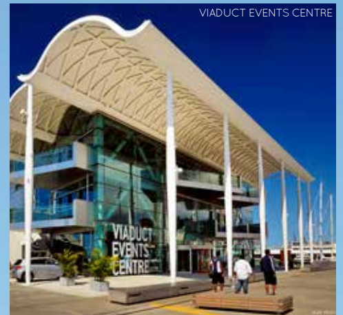
VIADUCT EVENTS CENTRE

Feel welcome in this multicultural city with great food, shopping, parks and entertainment.
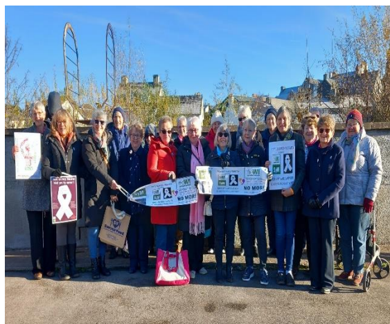
Members of Powys Brecknock Federation
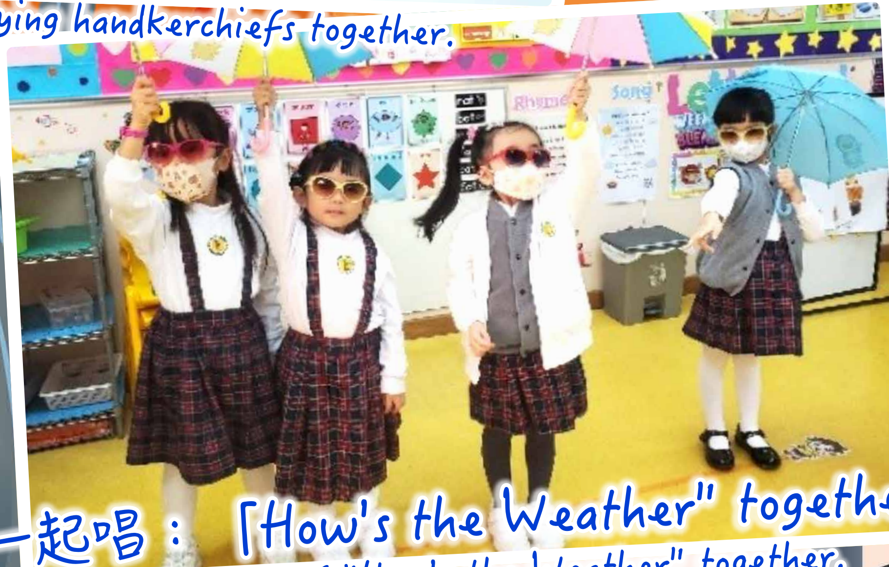
我們一起唱：「How's the Weather" together.」

Singing the song of "How's the Weather" together.

**Aim of the exercise:**
Write out the listing word for word, omitting the pictures it holds.

**Answer to the exercise:**
VIADUCT EVENTS CENTRE

Feel welcome in this multicultural city with great food, shopping, parks and entertainment.
Members of Powys Brecknock Federation
我們一起唱：「How's the Weather" together.」

Singing the song of "How's the Weather" together.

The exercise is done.